Woman’s Right to Know law supports science and morality

by Christopher Dodson | Catholic Action

Christopher Dodson | Catholic Action

This past winter North Dakota became one of the first states to require women considering an abortion be told about the possibility of abortion pill reversal.

The new law is simple. North Dakota requires a set of printed materials be given to every woman considering an abortion. These materials contain information on pregnancy, fetal-development, abortion, and abortion alternatives. The new law directs the Department of Health to update the materials to include information that “it may be possible to reverse the effects of an abortion-inducing drug but time is of the essence.” It also states that the materials “must include information directing the patient where to obtain further information and assistance in locating a medical professional who can aid in the reversal of abortion-inducing drugs, such as mifepristone and misoprostol.”

In addition, the new law requires that the abortionist inform the woman that “it may be possible to reverse the effects of an abortion-inducing drug if she changes her mind, but time is of the essence, and information and assistance with reversing the effects of an abortion-inducing drug are available in the printed materials...”

The legislation passed both chambers by large margins and was signed by Governor Burgum, but opponents of merely notifying women about this procedure continue to mislead people about it. Here are the facts.

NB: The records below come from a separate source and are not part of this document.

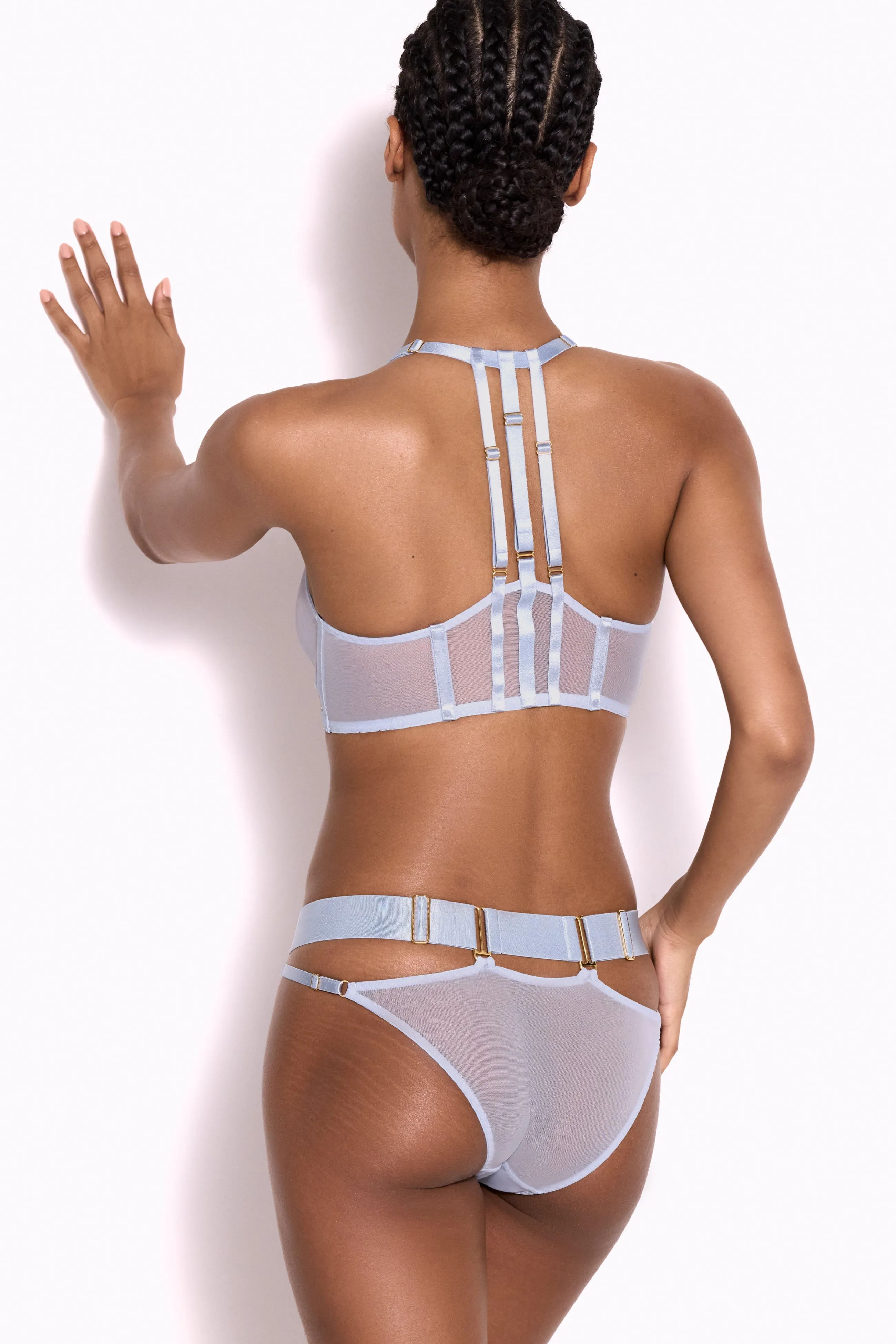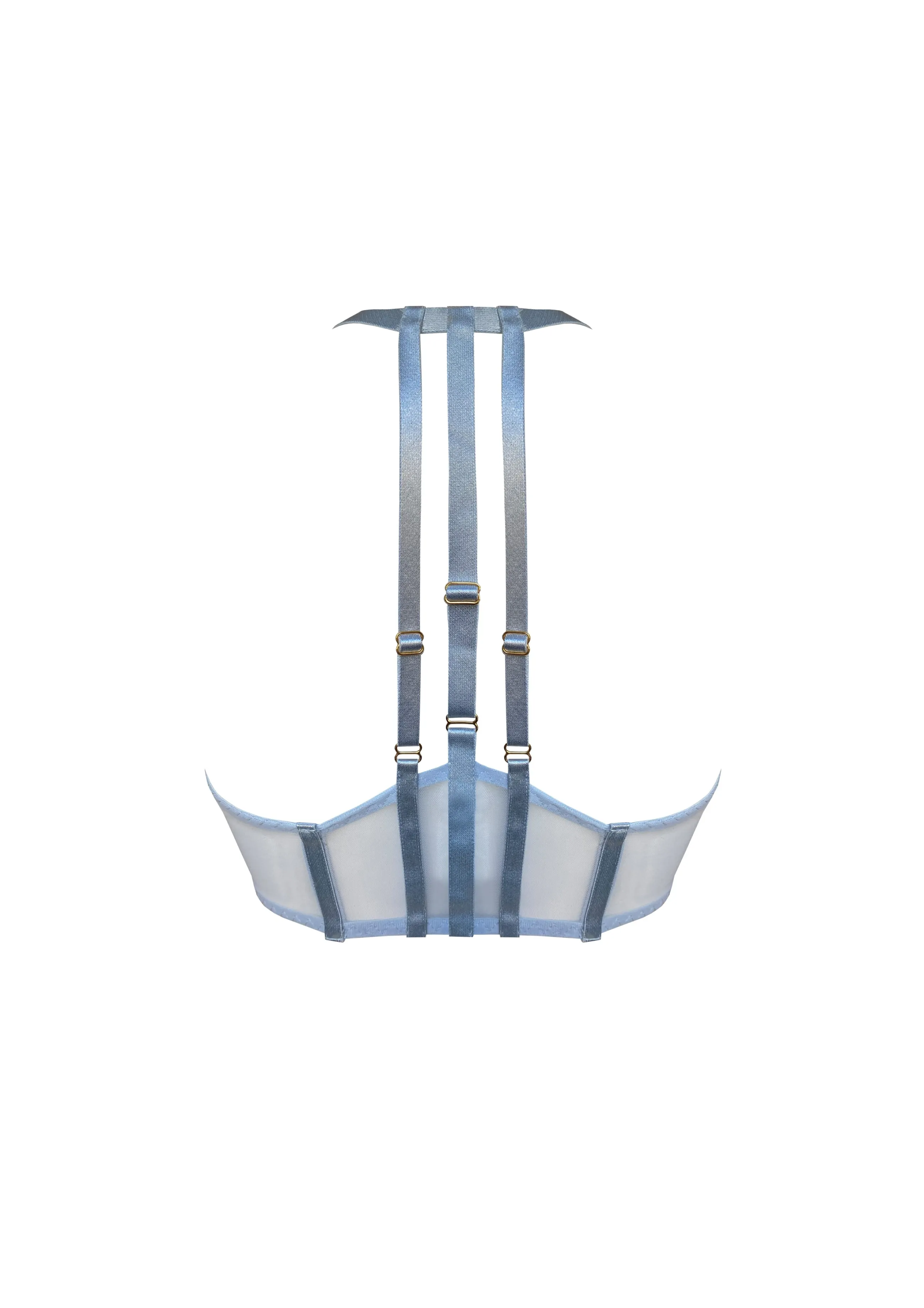 Curating a selection of popular styles, The Essentials Collection highlights our bondage-luxe aesthetic by bringing back pieces you know and love in exclusive colourways. Everyday comfort with a hint of Bordelle kink, the wrap-over soft mesh cups extend into adjustable straps secured with a 24k gold plated swan hook at the side seam. The geometric back detail highlights the Art Deco inspiration.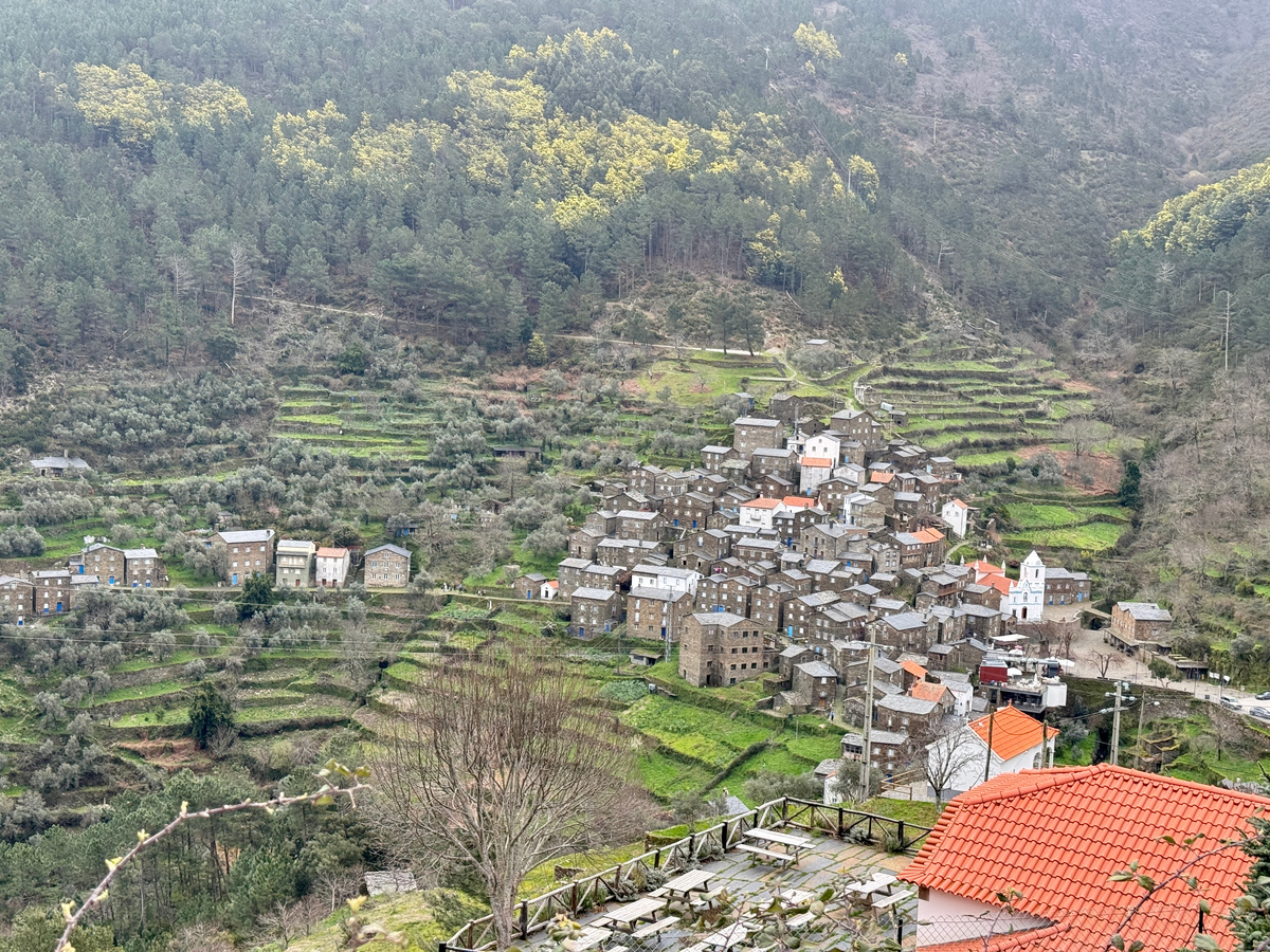 В начале марта у детей были каникулы, и мы устроили себе автопутешествие: поехали из Португалии, где сейчас живем, на север Испании, останавливаясь в интересных местах по пути. Первой остановкой стала деревня Piodão — маленькое, уединённое место в горах Португалии, которое я давно хотела увидеть своими глазами. Piodão называют деревней-призраком. Но это не про мрак и ужасы, а скорее про ощущение: будто ты попал в забытую временем локацию, которую кто-то когда-то случайно построил посреди гор и с тех пор больше не трогал. Все дома здесь — из тёмного сланца, с голубыми оконными рамами. Из-за цвета они как будто сливаются с окружающими склонами, и кажется, что деревня вырастает прямо из горы. Всё выглядит максимально органично и красиво: домики, которые словно стекают по склону, цепляясь друг за друга, узкие улочки, лестницы, пороги, мостики... А вокруг — горные ручьи, водопады, летом можно купаться. Сейчас же, весной, здесь сыро, прохладно и почти нет людей. И в этом есть особое удовольс
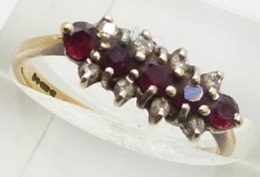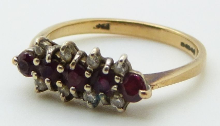 A 9ct gold ring set with rubies and diamonds, 2.1g, size M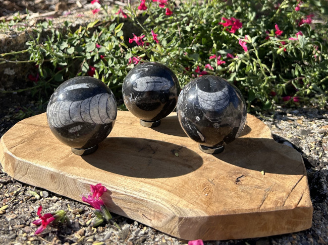 Chaque sphĂšre en OrthocĂ©ras est unique, avec ses empreintes fossiles naturelles qui racontent lâhistoire de la vie marine ancienne.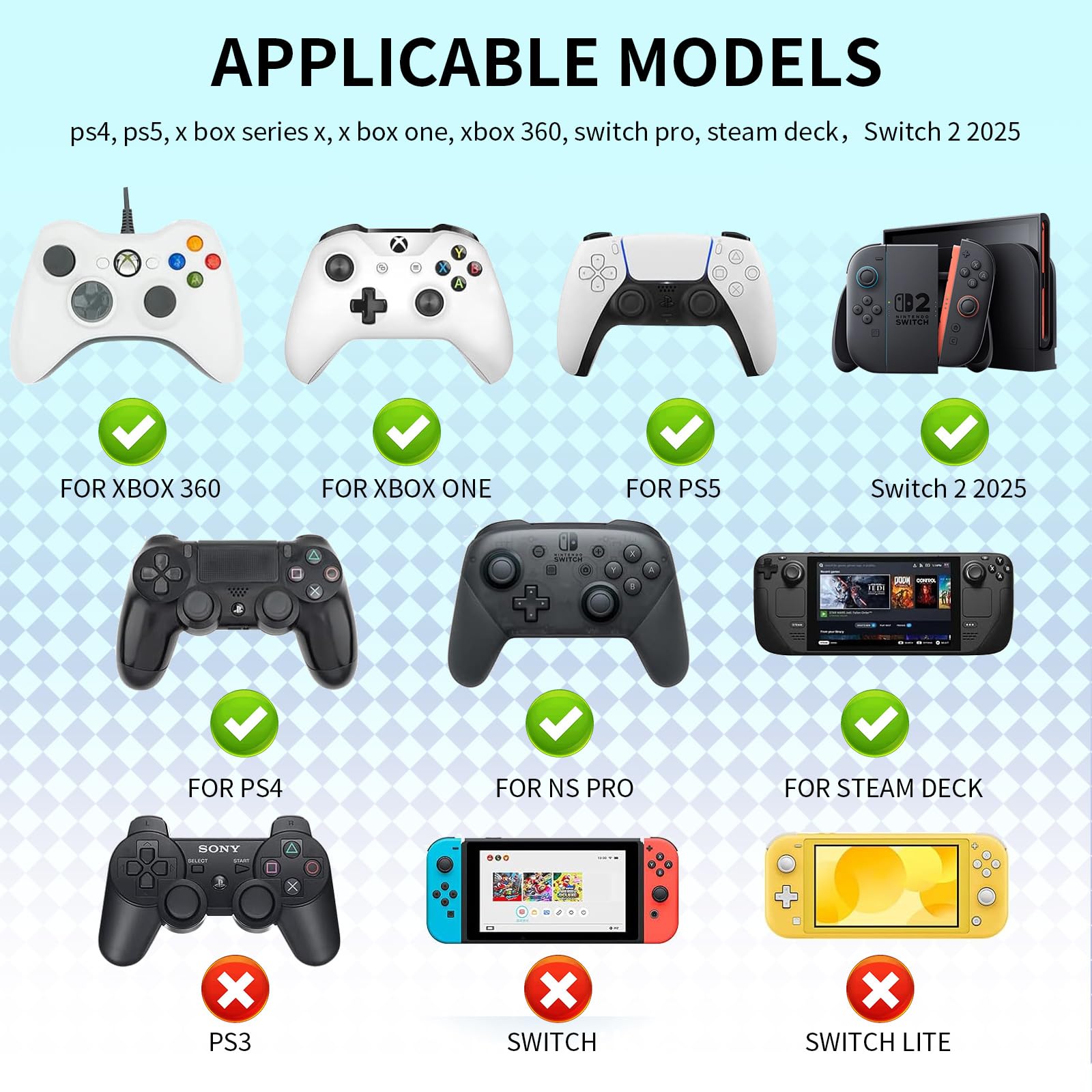 💗【Wide Compatibility】PERFECTSIGHT Cute Thumbsticks Caps are designed for Switch 2, PS5 dualsense, PS4 dualshock, Xbox Series X/S, Xbox One, Switch PRO controllers and other regular sized controllers, don't fit Switch Joy-Con and Swith Lite!!!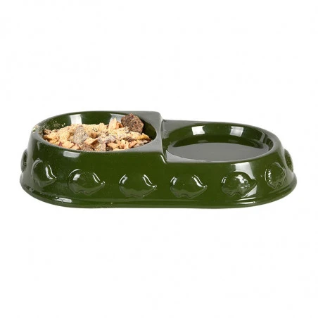 Les avantages de cette mangeoire : La partie eau est située plus basse que la partie nourriture pour éviter que de l’eau pénètre dans la partie nourriture. De plus, la partie nourriture est composée de de trou de drainage qui empêche l’eau de stagner en cas de pluie.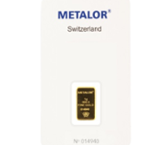 A 2 Gram Metalor Gold Mint Bar, an exceptional piece from the esteemed Metalor refinery in Switzerland. Renowned globally for their superior craftsmanship and adherence to purity, Metalor delivers this exquisite 2-gram gold bar with a fineness of 999.9%, guaranteeing a high level of gold purity (24 carats).

North Dakota law requires that abortion-inducing drugs be administered according to the protocol approved by the federal Food and Drug Administration (FDA). The FDA approved protocol consists of mifepristone, followed by misoprostol taken 24 to 48 hours later. The mifepristone blocks the production of progesterone, which stabilizes the uterine lining, which in turn is necessary for the development of the unborn child. By blocking the production of progesterone, mifepristone cuts off blood and nourishment to the unborn child, usually causing he or she to die. The second drug, misoprostol, forces the body to expel the dead unborn child or in some cases a live child. We know this because some women who do not take misoprostol have their pregnancies continue.

Since physicians know exactly how mifepristone works (i.e., by blocking progesterone), they also know that treating a woman with progesterone can “kick off” the mifepristone (i.e., displace mifepristone from the progesterone receptors). This allows the woman's body to respond naturally to the progesterone and to effectively fight the effects of the mifepristone-induced blockage.

Progesterone itself has been used safely in pregnancies for decades. Using progesterone to reverse the effects of mifepristone is a targeted medical response that is safe for the woman and the baby. We also know that use of mifepristone alone does not cause birth defects. Indeed, the rate of birth defects for children who survive just the mifepristone is the same as the general population. That means that even if, as some opponents claim, a dose of progesterone does “nothing” it clearly would not harm the woman or the child.

The fact that the effects the abortion-inducing drug mifepristone can be reversed or blocked should not be disputed. Hundreds of babies among us attest to that fact. Those who oppose merely informing women about the possibility reversing the abortion drug process point to the absence of large-scale studies explaining how the process works. The number of women at issue, however, is so small that large-scale controlled studies are difficult to conduct. Nevertheless, even the opponents of informing women have noted that reversal makes “biological sense” and there is no evidence that abortion pill reversal does not work or is not safe. Indeed, initial studies show that without abortion pill reversal, the chances that an unborn child will survive mifepristone are around 15%. However, if the mother receives the progesterone-based rescue, then 65-70% of the unborn children will survive.

An Ob-Gyn physician in Bismarck testified in support of the bill and other physicians wrote to the legislature indicating that they have or would be willing to provide this important service. Opponents did not cite any study showing that the procedures was dangerous to either the woman or the child. Nor could they point to any study indicating that the procedure does not work.

The opposition, though sometimes couched in medical terminology, was mostly philosophical. They oppose anything that “interferes” with the abortionist’s trade. The Supreme Court has, however, repeatedly recognized that abortion is not like any other medical procedure, partly because it involves another human life and in part because of recognition that abortion can have greater consequences on a woman and the medical profession than other medical procedures.

Thankfully, a majority of the legislature and the governor saw through the false concerns of the opponents and enacted this important update to North Dakota’s Woman’s Right to Know law.

Christopher Dodson is executive director of the North Dakota Catholic Conference. The NDCC acts on behalf of the Catholic bishops of North Dakota to respond to public policy issues of concern to the Catholic Church and to educate Catholics and the public about Catholic social doctrine. The conference website is ndcatholic.org.